Radiolabelling and positron emission tomography of PT70, a time-dependent inhibitor of InhA, the Mycobacterium tuberculosis enoyl-ACP reductase

Abstract

PT70 is a diaryl ether inhibitor of InhA, the enoyl-ACP reductase in the Mycobacterium tuberculosis fatty acid biosynthesis pathway. It has a residence time of 24 min on the target, and also shows antibacterial activity in a mouse model of tuberculosis infection. Due to the interest in studying target tissue pharmacokinetics of PT70, we developed a method to radiolabel PT70 with carbon-11 and have studied its pharmacokinetics in mice and baboons using positron emission tomography.

Graphical Abstract

Mycobacterium tuberculosis, the causative agent of human tuberculosis (TB),² infects one-third of the world’s population and is responsible for 9.0 million new infections and 1.5 million deaths in 2013.³ The situation is complicated by HIV/AIDS infection, multidrug resistant TB (MDR-TB) and extensively drug resistant TB (XDR-TB).⁴ In 2008, 22% of new TB cases were reported to be MDR-TB.⁵ The basic regimen recommended for TB treatment is comprised of the four front-line drugs: isoniazid (INH), rifampicin (RIF), pyrazinamide (PZA), and ethambutol (EMB). The regimen starts with two months initial phase, followed by INH and RIF for another four months. MDR-TB is resistant against INH or RIF, contributes to the spread and worsens the situation by lengthening the treatment from 6 months to nearly 2 years. XDR-TB is resistant to both front-line and second-line drugs and is extremely difficult to cure.⁶ Taken together, novel drugs with activity against drug-resistant TB are therefore urgently needed.

InhA, the enoyl-ACP reductase involved in the M. tuberculosis fatty acid biosynthesis (FAS II) pathway,⁷ catalyzes the last reaction in the elongation cycle, and is the target for INH, one of the most effective and widely used anti-tubercular drugs.^{7, 8} INH is a prodrug that is activated by the mycobacterial catalase-peroxidase enzyme KatG.^{7, 9–11} Activation of INH leads to the formation of the INH-NAD, which is a slow, tight-binding inhibitor of InhA.⁸ Because a substantial fraction of all clinical isolates that are resistant to INH result from KatG mutations,^12–15 compounds that target InhA, but that do not require activation by KatG, are promising candidates for drug-resistant M. tuberculosis.

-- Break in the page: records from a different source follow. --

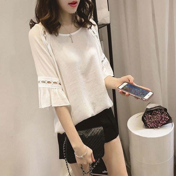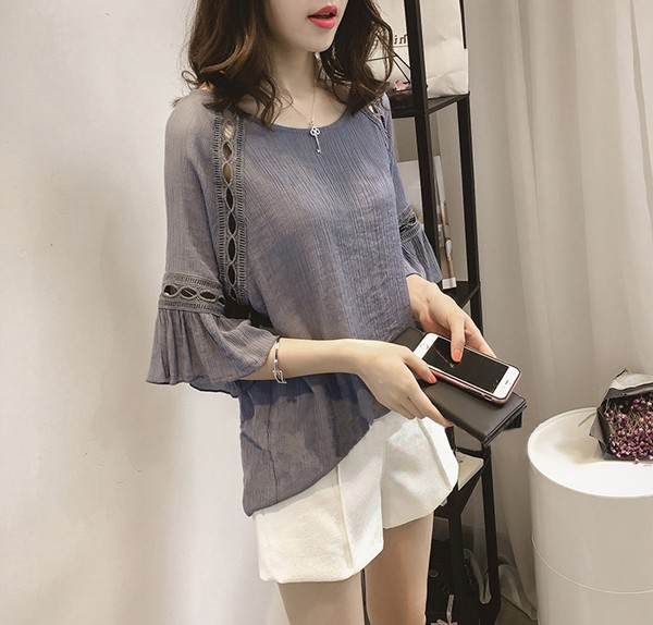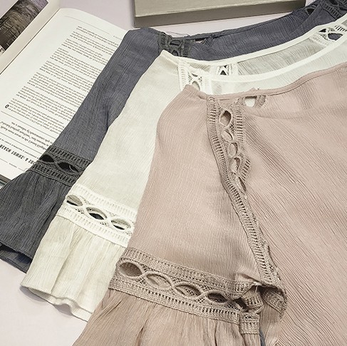 | 商品説明 | シワ加工がナチュラルな素材感のトップスです。 パンチングレースの肌魅せが涼し気でエレガント♪ |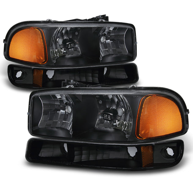 AKKON - For Black Bezel 99-06 Sierra 00-06 Yukon Headlights Replacement + Bumper Signal Light Lamps 4pcs Set
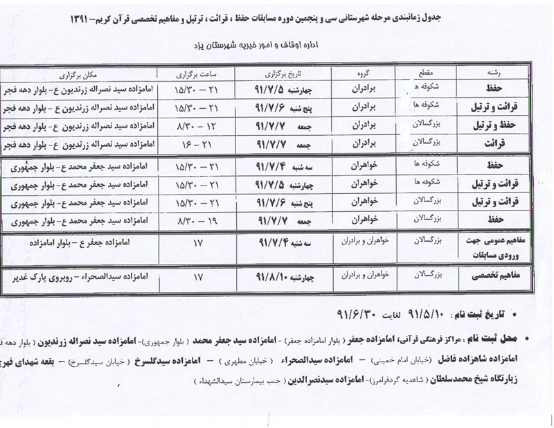 گفتنی است مهلت ثبت نام تا تاریخ 30 شهریور در مراکز فرهنگی قرآنی امامزاده جعفر، سید جعفر محمد، سید نصر الله، شاهزاده فاضل، سید الصحرا، سید گلسرخ، بقعه شهدای فهرج، زیارتگاه شیخ محمد سلطان و سید نصر الدین علیهم السلام می باشد.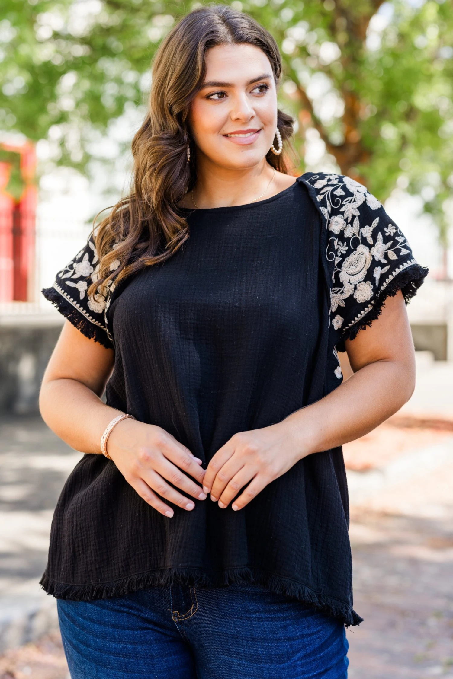 We are so in love with this FAB top! Featuring an embroidered design along the sleeves and frayed hemlines, this top adds a touch of uniqueness to any outfit! The neutral color ensures versatility and endless outfit possibilities! Get ready to dance the night away!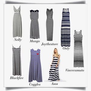 Pues ayer fui a las rebajas y alguna cosilla cayó en mis manos. Ya os iré enseñando. Lo primero que os traigo es un vestido de rayas largo. Tenía ganas de uno. Os he hecho una pequeña selección de vestidos y además os muestro el mío y cómo lo voy a acombinar.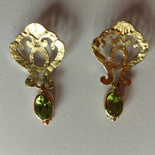 VERKAUFT – Bitte kontaktieren Sie uns für eine Anfertigung in diesem Stil.Peridotohrschmuck ohne Wechselfunktion.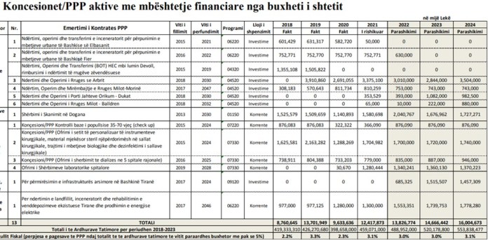 Ministria e Financave njoftoi se fondet buxhetore të planifikuara për vitin 2021, sipas planit të ndryshuar, me destinacion mbështetjen buxhetore për kontratat koncesionare/PPP, rezultojnë në total rreth 12.42 miliard lekë. Nga këto, rreth 5.4 miliard lekë investime dhe rreth 7.01 miliardë LEK shpenzime korente.

Based on the above hypothesis, we and others have developed direct inhibitors of InhA that do not require activation.^16–20 In our own studies, we have used the diaryl ether scaffold of the enoyl-ACP reductase triclosan as a starting point for the generation of InhA inhibitors. Our initial studies resulted in a series of compound with nanomolar potency for InhA and minimum inhibitory concentrations (MICs) of 1 – 2 μg/mL against both drug-sensitive and drug-resistant strains of M. tuberculosis.²¹ In separate studies, we examined the in vitro and in vivo antibacterial activity of these compounds against other pathogens, and discovered that the residence time (t_R) of the diphenyl ethers on the Francisella tularensis FabI correlated with the efficacy of the compounds in an animal model of tularemia,²² supporting the importance of drug-target kinetics in drug action.^23–26 Our initial series of InhA inhibitors were not time dependent,²¹ but based on the F. tularensis data, and the knowledge that the INH-NAD adduct is a slow onset inhibitor of InhA with a residence time of 1 h on the enzyme,⁸ we set out to develop time-dependent diaryl ether inhibitors of InhA.

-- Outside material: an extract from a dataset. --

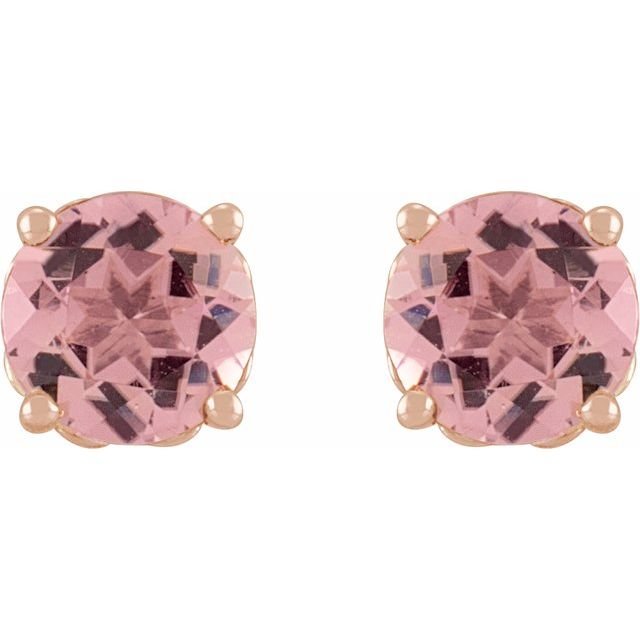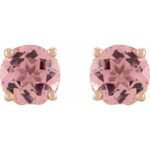14k Rose 6 Mm Natural Pink Tourmaline Earrings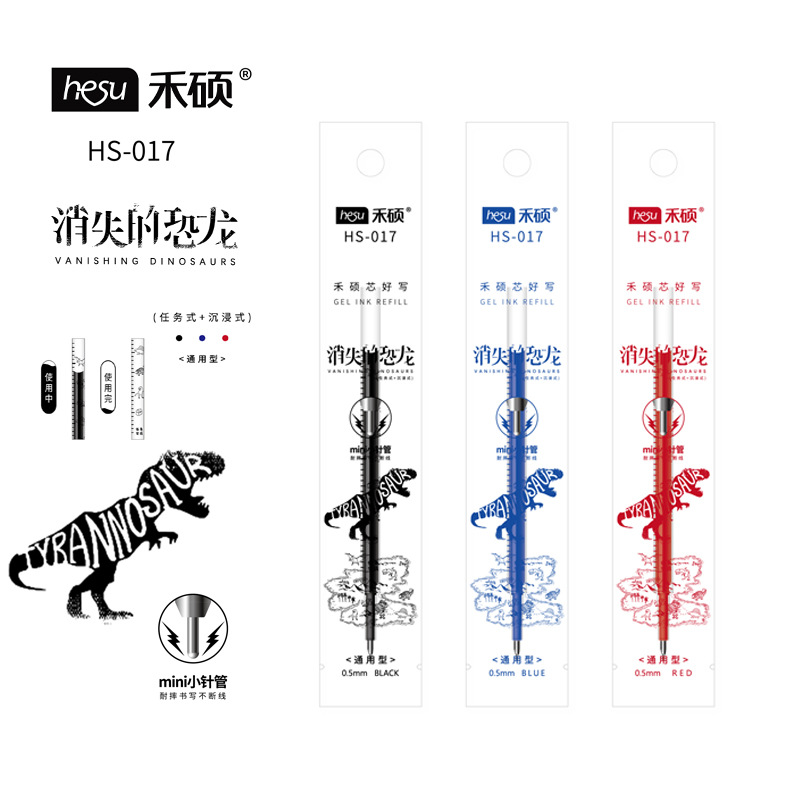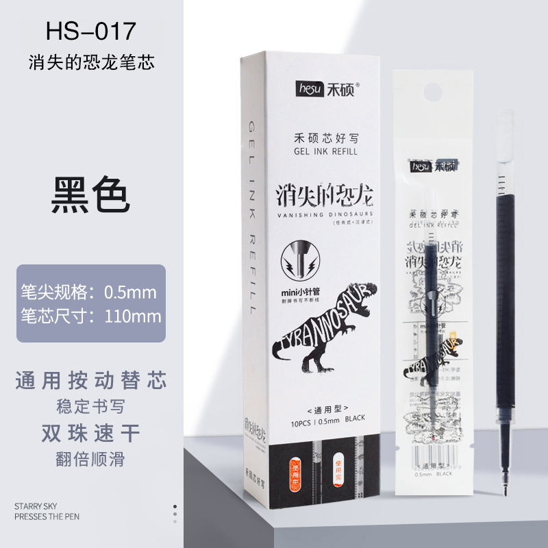 禾硕消失的恐龙按动按压式中性笔心水笔芯签字笔替芯黑色蓝色红色0.5mm小针管笔头双珠速干顺滑黑芯红芯蓝芯

Slow-onset inhibition of the FabI (InhA) enoyl-ACP reductases is coupled to ordering of an active site loop (substrate-binding loop), which closes over the substrate-binding pocket.^27–30 Using this information we developed PT70, a slow-onset inhibitor of InhA that binds preferentially to the InhA:NAD⁺ complex and has a residence time of 24 min on the target.²⁸ PT70 binds to InhA through a two-step induced-fit mechanism, in which the rapid formation of the initial EI complex is followed by the slow formation of the final enzyme-inhibitor complex (EI^*) (Scheme 1), and X-ray crystallography confirmed that the substrate-binding loop had closed over the inhibitor in the EI* complex.^{28, 30}

Scheme 1.

We examined the efficacy of this compound in a mouse model of TB infection. Although PT70 did not affect the bacterial burden in the lungs of the infected animals, the compound reduced the bacterial load in the spleens, whereas a rapid reversible inhibitor of InhA demonstrated no in vivo antibacterial activity.³¹ Encouraged by these results we set out to examine the metabolism of PT70 as well as the biodistribution of this compound in mice as well as in non-human primates.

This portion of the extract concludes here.